Although I didn’t write the F Sharp solution until after I had already written the Clojure solution, I actually found it easier to model this problem using F Sharp’s native data types. Therefore, I’ll begin with my treatment of F Sharp.

When I first saw this problem, I immediately thought of how I could represent it in a typed language like F Sharp. F Sharp, like other statically typed functional languages, supports discriminated unions, which allow flexibility of typing in a constrained and deterministic manner. As it happens, the F Sharp Data library already implements this type.

Given a compound type for each of the valid JSON types, I can pattern match each of the types in turn to ensure that every type of JSON data is handled appropriately.

To solve the earlier problem of needing to represent both strings and integers in our return type (our solution), we can write our own simple union type:

type TreasurePathCrumb =
    | Index of int
    | Key of string

This crumb type will help us remember the path to the specified value (although, since this is a recursive solution, it technically would be more accurate to say it will help us to remember the path from the specified value).
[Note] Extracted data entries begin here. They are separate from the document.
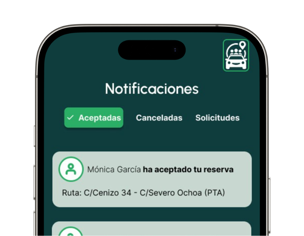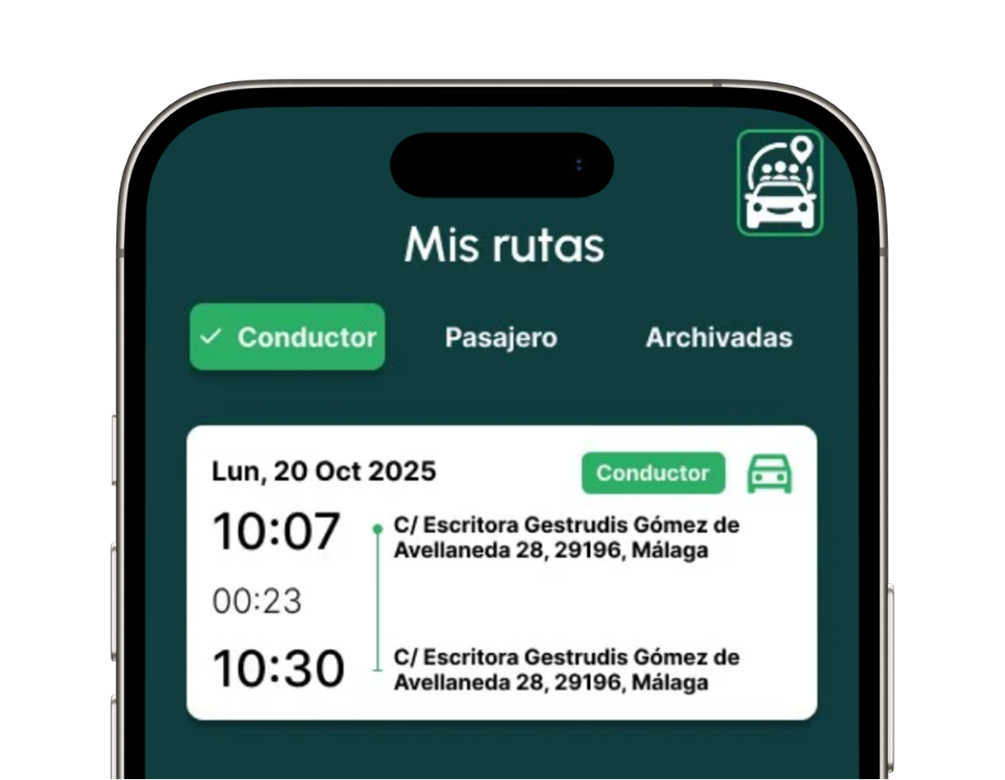 Málaga TechPark Conecta te permite compartir coche de forma segura y sencilla. Crea tu ruta, encuentra compañeros con trayectos similares y reduce costes y emisiones.
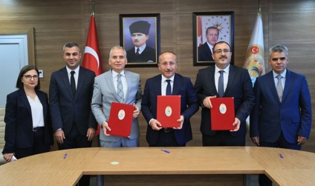 Denizli Büyükşehir Belediyesi ve Denizli Tarım ve Orman Müdürlüğü işbirliğinde kent genelindeki 4.000 çiftçiye 1.500 ton sertifikalı tohum desteği verilecek. 18 milyon liralık rekor desteğin protokolü Denizli Valisi Ali Fuat Atik ve Büyükşehir Belediye Başkanı Osman Zolan tarafından imzalandı.DENİZLİ (İGFA) - Denizli'de hayata geçirdiği kırsal kalkınma projeleriyle çiftçi ve üreticinin yüzünü güldürmeye devam eden Denizli Büyükşehir Belediyesi, Denizli Tarım ve Orman Müdürlüğü işbirliği ile rekor bir desteğe daha imza atacak. Bu kapsamda Denizli'de Buğday Üretimini Geliştirme Projesi'ni hayata geçiren Büyükşehir Belediyesi ve Tarım ve Orman Müdürlüğü kent genelindeki 4 bin çiftçiye buğday, arpa ve yem bitkisi tritikale olmak üzere yaklaşık 1.500 ton sertifikalı tohum dağıtacak. Yüzde 50'si Büyükşehir Belediyesi, yüzde 50'si ise Tarım ve Orman Bakanlığı'nın Tarım Alanlarının Kullanımının Etkinleştirilmesi (TAKE) Projesi kapsamında olmak üzere yaklaşık 18 milyon liralık tohum desteğinin protokolü Denizli Valisi Ali Fuat Atik ve Büyükşehir Belediye Başkanı Osman Zolan tarafından imzalandı. Valilikte düzenlenen protokole Vali Atik ve Başkan Zolan'ın yanı sıra Büyükşehir Belediyesi Genel Sekreter Yardımcısı Serhat Akbulut, Denizli Tarım ve Orman Müdürü Şakir Çınar ve beraberindekiler katıldı.
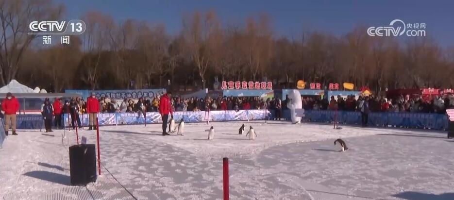 總臺記者 袁嘉憶:這邊圍攏了這么多人在看什么呢?這就是歷年陶然亭公園冰雪嘉年華的頂流——企鵝。這是今年公園首次讓小企鵝們走出了飼養(yǎng)間,與游客們近距離地進行互動。瞧,大家正把鏡頭對準這些憨態(tài)可掬的小家伙們呢。
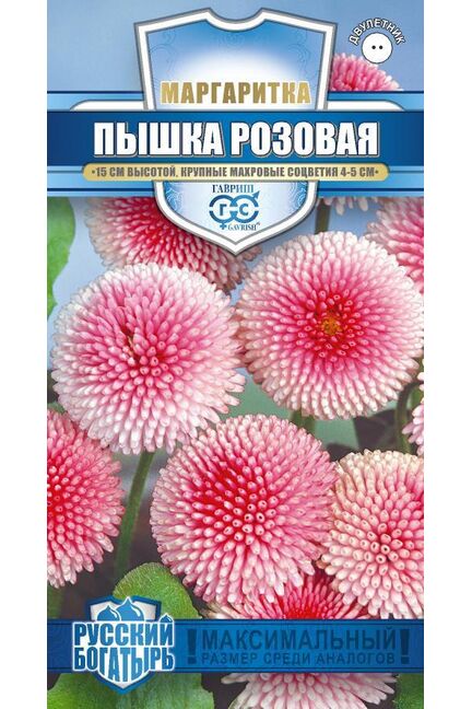 Семена цветов Маргаритка Пышка розовая Гавриш в Солнечный
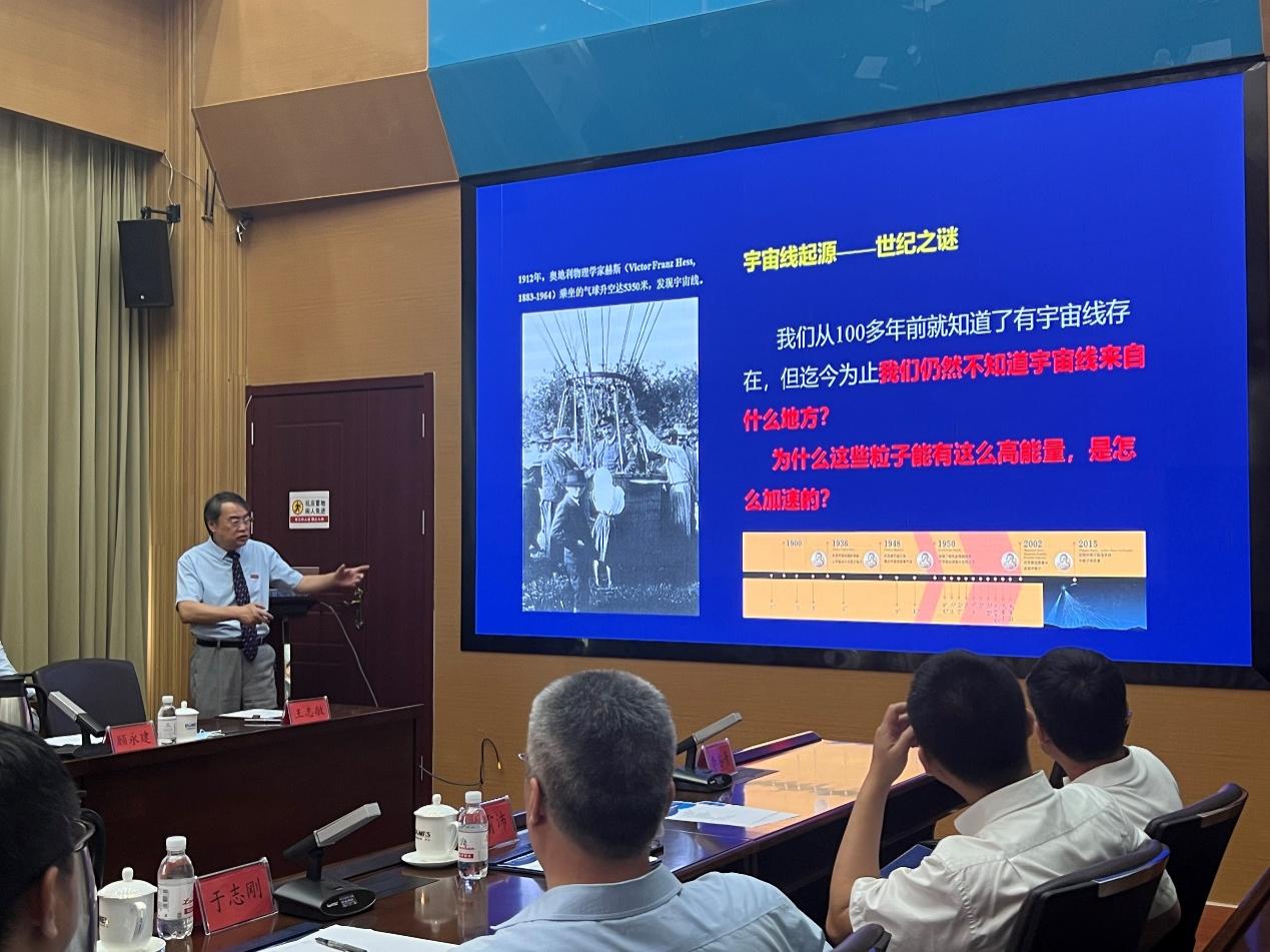 President Yu Zhigang, representing China Ocean University, warmly welcomed Dr. Cao Zhen and expressed the expectation of having more in-depth collaborations in the future. He emphasized that appointing part-time professors is an important step in strengthening the university's teaching staff, and it is of great significance to accelerate talent cultivation and discipline construction. Afterwards, President Yu Zhigang presented a letter of appointment to Dr. Cao Zhen, and a teacher representative pinned the school badge on him. Dr. Cao Zhen expressed his great pleasure to join China Ocean University and also looked forward to deepening the collaboration with China Ocean University in high-energy cosmic ray observation based on the ocean. He expressed his desire to contribute as a professor at China Ocean University in the area of talent cultivation.After the appointment ceremony, Professor Cao Zhen gave a Academic Report titled "Catching High-Energy Messengers and Exploring Cosmic Mysteries". He elaborated on the construction process and multiple innovative breakthroughs of the LHAASO project, and highlighted several influential research achievements worldwide that were achieved with the experimental data obtained by LHAASO. During the interactive session, Professor Cao Zhen provided comprehensive answers to the enthusiastic questions from the students, and the atmosphere was lively.
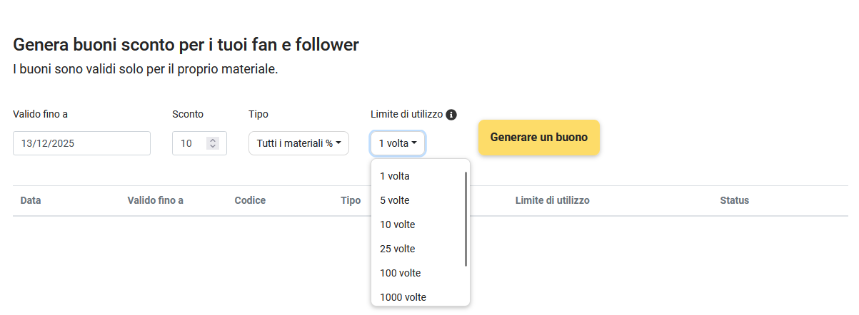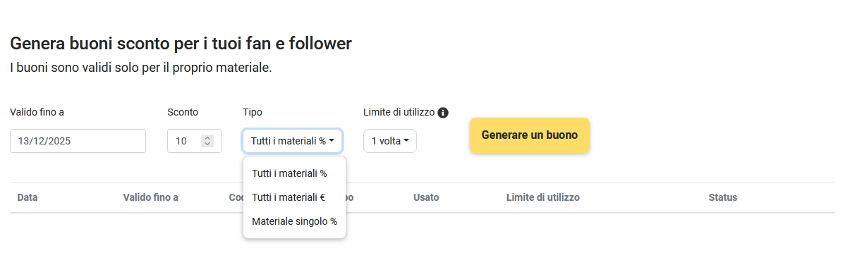 ‘Tutti i materiali %’: scegliendo questa opzione, creerai un buono con uno sconto percentuale valido su tutti i tuoi materiali. Il buono potrà essere inserito alla fine dell'acquisto, quindi l'utente che lo riceverà potrà scegliere tutti i materiali che vorrà. Ad esempio, un buono del 10% consentirà all'utente di avere il 10% di sconto su tutti i tuoi materiali presenti nel suo carrello.

Now, once we find the value in question, we can simply begin returning values by wrapping them in this union type. When we’ve captured the sequence of union types in our main function, we can just unpack them and convert them to strings:

let buildTreasurePathString (path:TreasurePathCrumb list) = 
    let crumbToString crumb = 
        match crumb with
        | TreasurePathCrumb.Index i -> string i
        | TreasurePathCrumb.Key k -> k
    let stringCrumbs = List.map crumbToString path
    stringCrumbs |> String.concat " -> "

This function preserves strings while converting the integers to strings, so that we can cleanly concatenate all the values at once. (I’m not fluent in F#, so this may be completely unnecessary, but it’s also a pleasure how straightforward this is to do!)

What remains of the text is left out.